» How to complete this task
Nothing outside the range below should be printed. Output exactly the lines from the line with "Estados Unidos, con" to the line with "This Generation Love", both included.

» Data excerpts
┄┄┄┄┄┄┄┄┄┄┄┄┄┄┄┄┄┄┄┄
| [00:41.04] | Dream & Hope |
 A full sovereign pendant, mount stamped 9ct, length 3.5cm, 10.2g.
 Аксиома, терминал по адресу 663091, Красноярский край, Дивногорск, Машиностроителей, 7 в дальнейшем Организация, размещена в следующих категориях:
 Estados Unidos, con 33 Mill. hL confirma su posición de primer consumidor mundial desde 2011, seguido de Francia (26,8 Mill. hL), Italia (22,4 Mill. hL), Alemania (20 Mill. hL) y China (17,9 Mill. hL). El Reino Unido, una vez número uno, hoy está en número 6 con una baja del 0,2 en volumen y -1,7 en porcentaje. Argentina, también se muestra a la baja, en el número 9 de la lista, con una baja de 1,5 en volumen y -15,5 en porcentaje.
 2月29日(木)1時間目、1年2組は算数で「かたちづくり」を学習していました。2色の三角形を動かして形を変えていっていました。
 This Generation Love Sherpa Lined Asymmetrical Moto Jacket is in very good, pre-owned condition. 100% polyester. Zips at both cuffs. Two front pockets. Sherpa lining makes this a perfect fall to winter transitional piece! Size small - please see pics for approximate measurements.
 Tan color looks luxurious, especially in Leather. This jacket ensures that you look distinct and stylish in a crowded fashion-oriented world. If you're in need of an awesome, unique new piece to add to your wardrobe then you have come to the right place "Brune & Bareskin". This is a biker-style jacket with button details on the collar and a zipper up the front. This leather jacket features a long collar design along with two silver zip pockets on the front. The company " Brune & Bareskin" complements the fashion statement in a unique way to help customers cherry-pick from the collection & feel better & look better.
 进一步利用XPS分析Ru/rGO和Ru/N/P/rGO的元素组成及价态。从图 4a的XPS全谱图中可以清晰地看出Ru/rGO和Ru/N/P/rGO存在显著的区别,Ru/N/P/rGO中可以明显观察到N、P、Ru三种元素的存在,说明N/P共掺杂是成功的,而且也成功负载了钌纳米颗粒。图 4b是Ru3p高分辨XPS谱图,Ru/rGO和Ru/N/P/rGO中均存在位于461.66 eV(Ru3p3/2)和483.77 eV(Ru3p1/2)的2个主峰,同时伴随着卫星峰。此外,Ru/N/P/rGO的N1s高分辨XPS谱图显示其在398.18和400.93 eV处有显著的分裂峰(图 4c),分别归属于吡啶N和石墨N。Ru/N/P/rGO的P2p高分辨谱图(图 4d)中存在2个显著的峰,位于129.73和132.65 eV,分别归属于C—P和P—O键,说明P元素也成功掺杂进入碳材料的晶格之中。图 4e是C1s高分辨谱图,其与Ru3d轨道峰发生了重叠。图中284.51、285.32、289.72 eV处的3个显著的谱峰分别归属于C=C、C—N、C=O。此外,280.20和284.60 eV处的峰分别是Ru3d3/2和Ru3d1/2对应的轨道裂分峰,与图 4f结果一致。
┄┄┄┄┄┄┄┄┄┄┄┄┄┄┄┄┄┄┄┄
» Solved exercise
 Estados Unidos, con 33 Mill. hL confirma su posición de primer consumidor mundial desde 2011, seguido de Francia (26,8 Mill. hL), Italia (22,4 Mill. hL), Alemania (20 Mill. hL) y China (17,9 Mill. hL). El Reino Unido, una vez número uno, hoy está en número 6 con una baja del 0,2 en volumen y -1,7 en porcentaje. Argentina, también se muestra a la baja, en el número 9 de la lista, con una baja de 1,5 en volumen y -15,5 en porcentaje.
 2月29日(木)1時間目、1年2組は算数で「かたちづくり」を学習していました。2色の三角形を動かして形を変えていっていました。
 This Generation Love Sherpa Lined Asymmetrical Moto Jacket is in very good, pre-owned condition. 100% polyester. Zips at both cuffs. Two front pockets. Sherpa lining makes this a perfect fall to winter transitional piece! Size small - please see pics for approximate measurements.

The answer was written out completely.